We wandered the deserted downtown Dumaguete, laughing out loud with some random stuff. Everything seemed so fun, but in a moment I least expected, a motorcycle stopped ahead of us, impeding our walking. With it were two gentlemen wearing not-so-guy clothes, who later on parked their motorcycle in a corner and neared us.

Their eyes were focused on me, I somehow noticed, but I looked the other way around and started to walk away. "Dong, kanang ga-yellow. Ali sa (Boy in yellow, come here)," they said. Boy in yellow was me.

Trying to be polite, I said, "Unsa man Sir?" They came closer to me, closer and closer. With that, I stepped backwards little by little, more and more, until my back landed unto a concrete surface, a dead end.

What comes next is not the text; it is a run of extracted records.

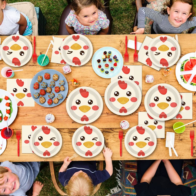 - 【Enjoy Party And Save Time】You will be able to throw a chicken themed party that impresses your guests the entire night. When the party is over, you can spend more time with family or friends and less time cleaning up. That's why we designed this chicken party tableware set.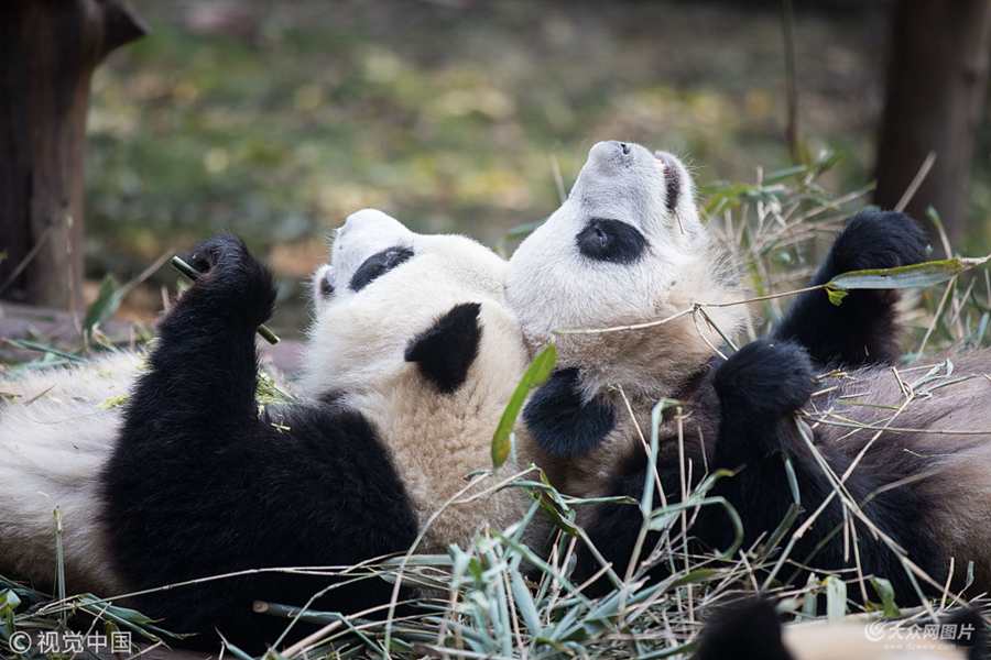 成都:兩只大熊貓頭靠頭吃竹子“秀恩愛(ài)” (/)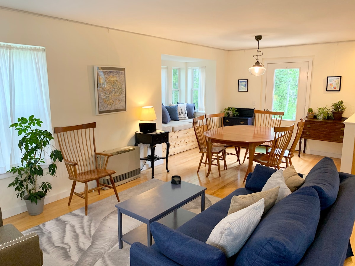 Kom deg bort til vårt fortryllende skogsområde på MDI, omgitt av Acadia nasjonalpark. Hjemmet vårt ligger avsidesliggende i enden av en grusvei, og grenser til den 800 hektar store Kitteridge Brook-skogen. Opplev roen med fem kilometer private stier rett utenfor døren. Hjemmet vårt med tre soverom er ideelt for å utforske Acadias magi, og har et åpent kjøkken, stue og spiseplass, samt en romslig terrasse. Perfekt for store familier eller to små familier. Opplev den ultimate oasen i hjertet av naturen.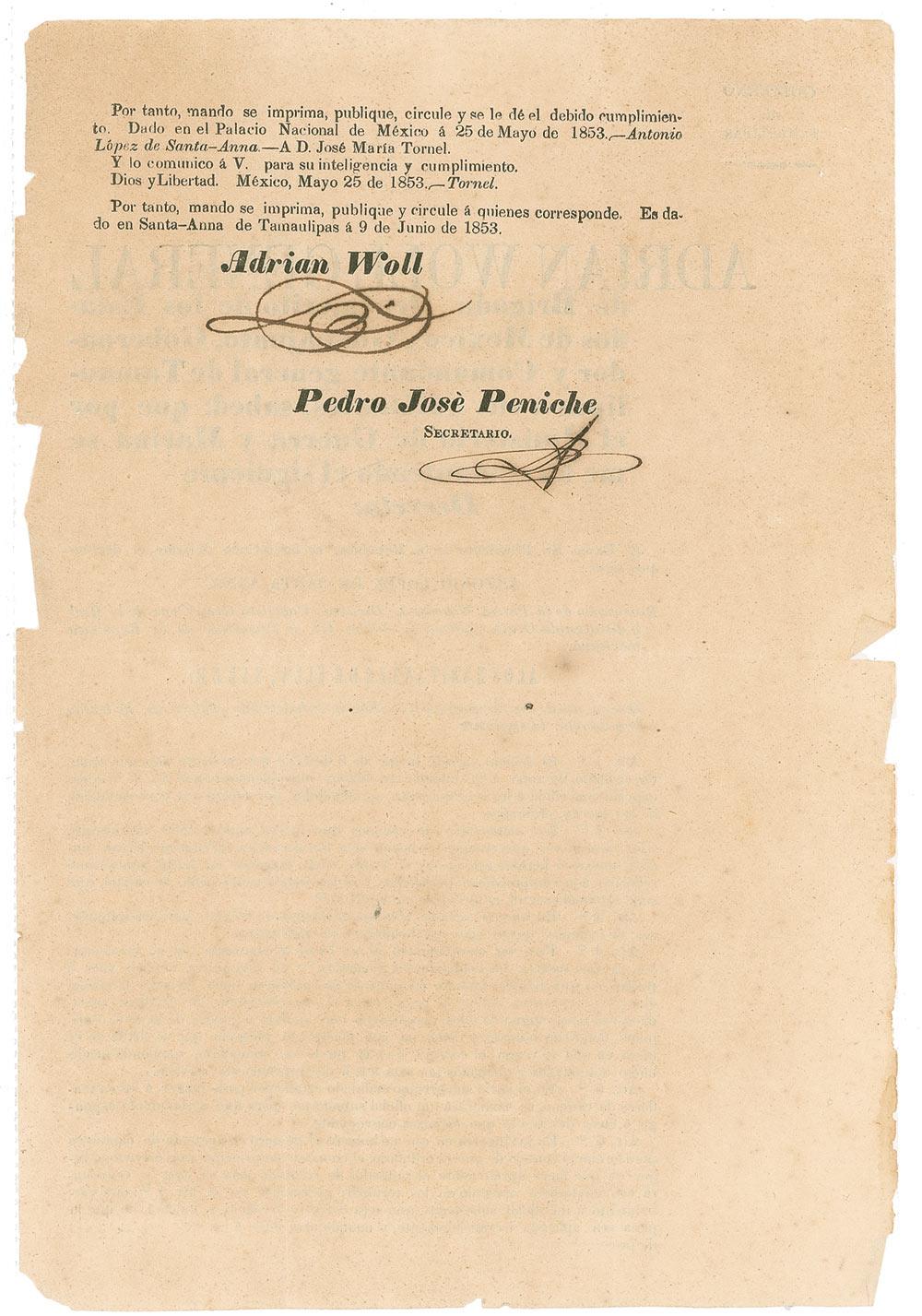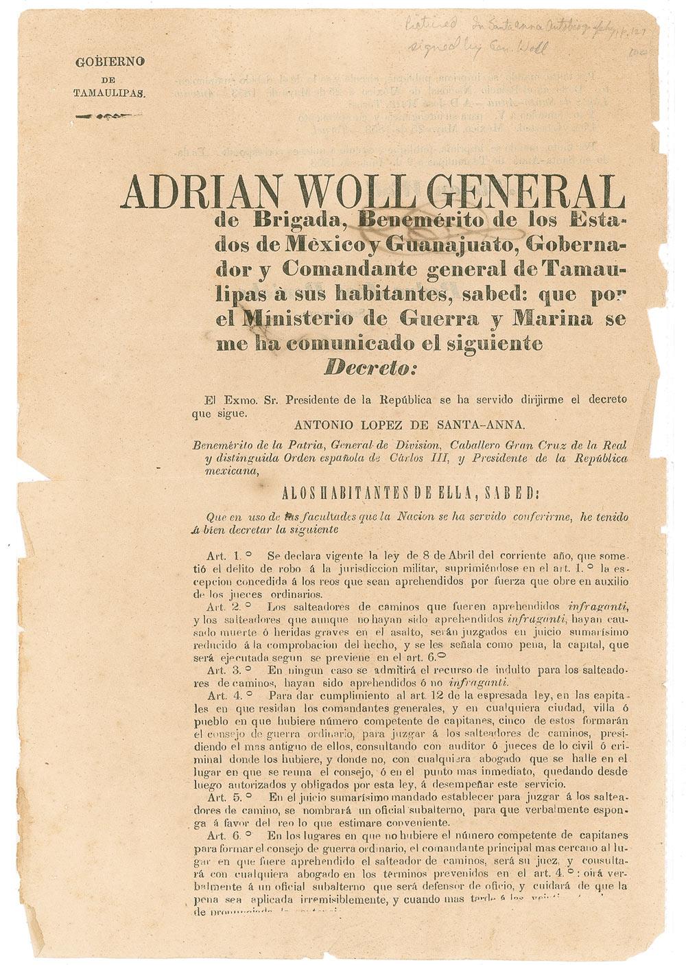 Rare printed broadside, in Spanish, one page, both sides, 8.5 x 12.5, signed “Adrian Woll,” dated May 25, 1853. Broadside is a decree on behalf of Antonio Lopez de Santa Anna, addressed "To the Inhabitants of this Country [Tamaulipas-a state in the northeast of Mexico]… ," followed by a series of articles regarding the treatment of criminals. In part: "The highway robbers that were apprehended red-handed and those that were not caught red-handed but caused death and heavy harm in the assault, will be judged very summarily… as penalty, it will be capital punishment to be dispensed and carried out in accordance with article 6… In no case recourse to mercy will be admitted for the highway robbers, whether caught red-handed or not…" With specific instructions for the carrying out of judgments by local officers. In very good condition, with chipping and paper loss to edges, a few folds and creases, and pencil notation to top edge of front. An important document attempting to quell the instability in the region after Mexico’s independence.

"Name your prize." they asked me. I stiffened, and all of my DotA friends whose with me a while ago were now laughing at me from a distance, they're having a good time, two of them are my publication friends, an artist and a webpage master. My forehead was filled with sweat, there was a sweat-producing faucet attached to my head.

"Name your prize baby," they asked me, again. My evil side wanted me to 'dragon fist' each of their faces. But I tried to be polite once again since both of them were respectable gentlemen. "Sorry kaayo, Sir. I'm not for sale. You must have misunderstood my friends." Then, I ran away and showed a finger to my awaiting friends.

A week after that, the incident happened again, three times. Why can't they be just girls? I would love to sell myself even for free, my pervert alter ego is telling me.


  1. wahahahahaha :D name your prize baby!!! lELS

  2. ang model parang si sir M***.

    Name your Prize: "P 1 000 000 000." Then you'll become an instant Billionaire!

  3. haha.. this is funny. They are lucky you're a nice person. some guys will handle such situation otherwise. God knows what will happen to them.

    thanks for dropping by my blog. I like blog description by the way. It made me laugh several times. You're a good writer. :)

  4. hahahha ang cute mo siguro kaya ka na ta typan ng mga yan. i love how you write and that pagirl na pic, cute heheh...thanks for dropping by my blog.